BMJ  2007;335:24-27 (7 July), doi:10.1136/bmj.39246.581169.80

Analysis

Analysis

Effectiveness of strategies for informing, educating, and involving patients

Angela Coulter, chief executive1, Jo Ellins, project manager (organisational development)2

1 Picker Institute Europe, King's Mead House, Oxford OX1 1RX , 2 The NHS Centre for Involvement, Vanguard Centre, University of Warwick, Coventry CV4 7AL

Correspondence to: angela.coulter@pickereurope.ac.uk

Evidence that strategies to strengthen patient engagement are effective is substantial, argue Angela Coulter and Jo Ellins, but any strategy to reduce health inequalities must promote health literacy

The first 150 words of the full text of this article appear below.

Policymakers increasingly believe that encouraging patients to play a more active role in their health care could improve quality, efficiency, and health outcomes. But critics have dismissed talk about patient engagement and patient centred care as political correctness—a misplaced concern with the "touchy feely" aspects of health care, with no scientific basis and little relevance to the quest for excellence in clinical care. Who is right? To what extent is the planned shift towards greater patient engagement supported by robust research evidence?
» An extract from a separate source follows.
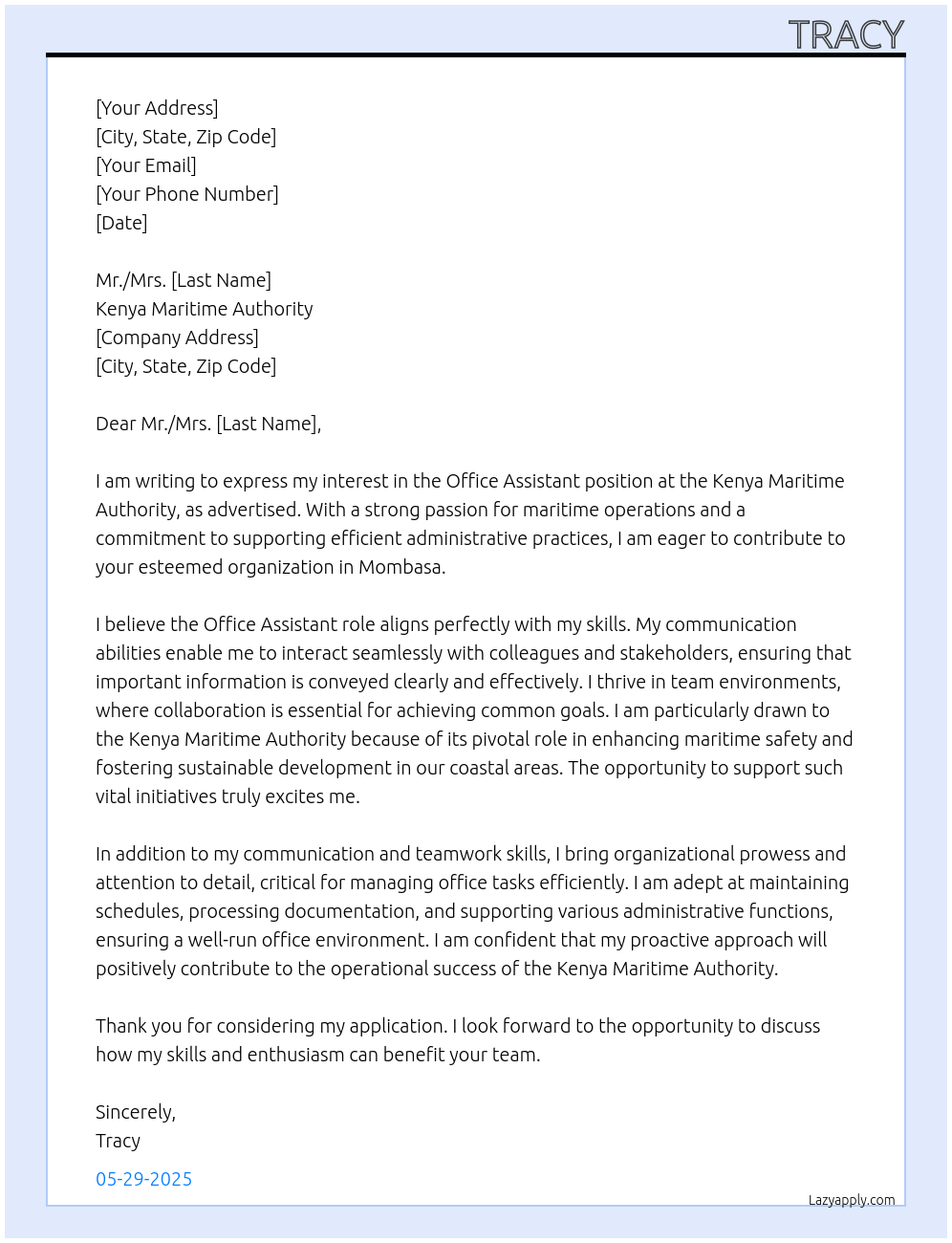 Office Assistant position Cover Letter At Kenya Maritime Authority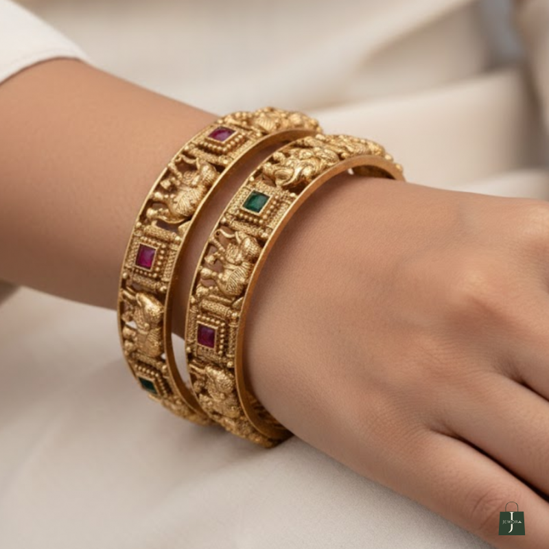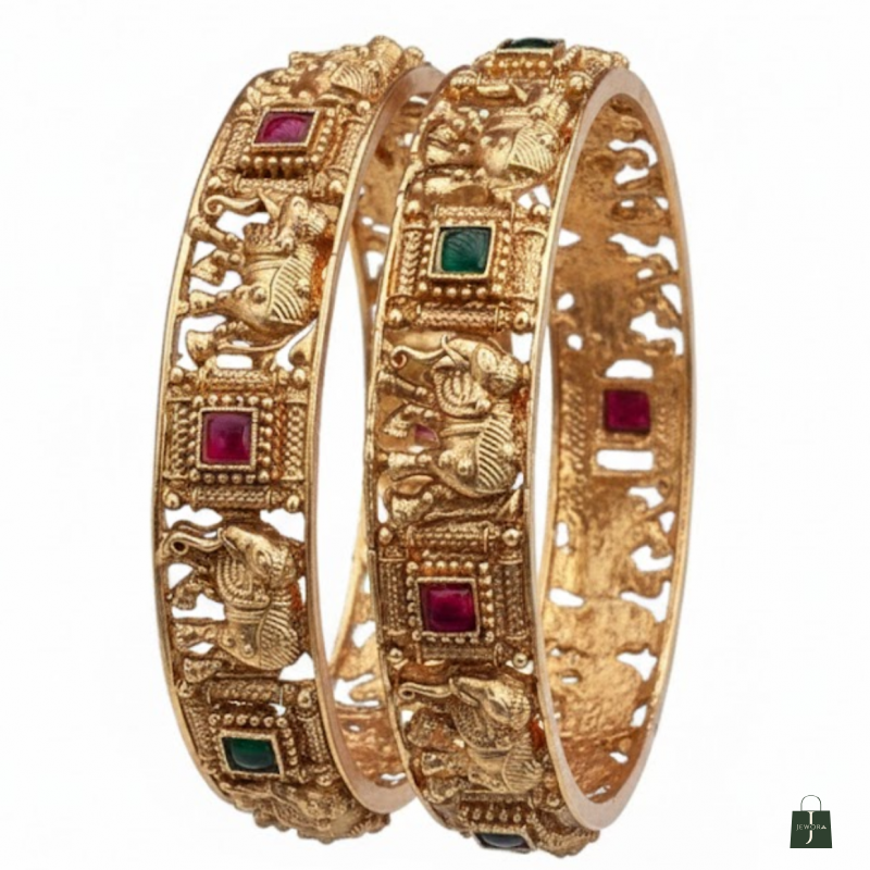 Embodying the grandeur of South Indian artistry, this Temple Elephant Design Bangle Set captures the essence of traditional elegance. Intricately handcrafted with divine elephant motifs and detailed carvings, these bangles are adorned with vibrant ruby and emerald-coloured stones. Perfectly blending heritage with luxury, they are ideal for weddings, festive occasions, and traditional celebrations.

Patient focused quality interventions recognise and try to support patients in actively securing appropriate, effective, safe, and responsive health care. Initiatives may aim to engage patients in their own or their family's individual clinical care, or they may try to involve the public in improving the responsiveness of health services. This article focuses on the first of these two initiatives (box 1).